Pictures are to be left out, and only the lines from the one with "Koupelna má samostatnou" through the last line of the listing below are to be repeated exactly.

━━ Information provided

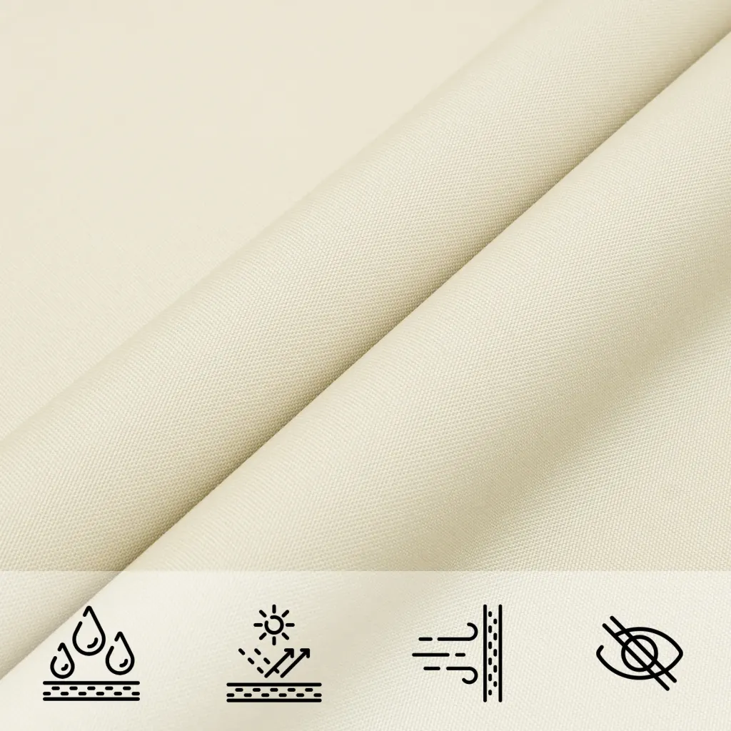 See kreemjasvalge päikesepuri ühendab suure varjuala, veekindla ja UV-kaitsega oxford-kanga ning vastupidavad kinnitusdetailid. Kui soovite oma terrassil, aias või rõdul luua kaitstud ja mugava puhkeala, on see praktiline lahendus, mis pakub varju ja kaitset erinevates ilmastikuoludes.
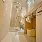 Koupelna má samostatnou toaletu a sprchu, zatímco pokoj má balkón, šatnu a pohovku.
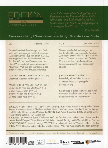 Gewandhausorchester Leipzig/ Thomanerchor/ Straube

━━━━

● **Result of the exercise**:
 Koupelna má samostatnou toaletu a sprchu, zatímco pokoj má balkón, šatnu a pohovku.
 Gewandhausorchester Leipzig/ Thomanerchor/ Straube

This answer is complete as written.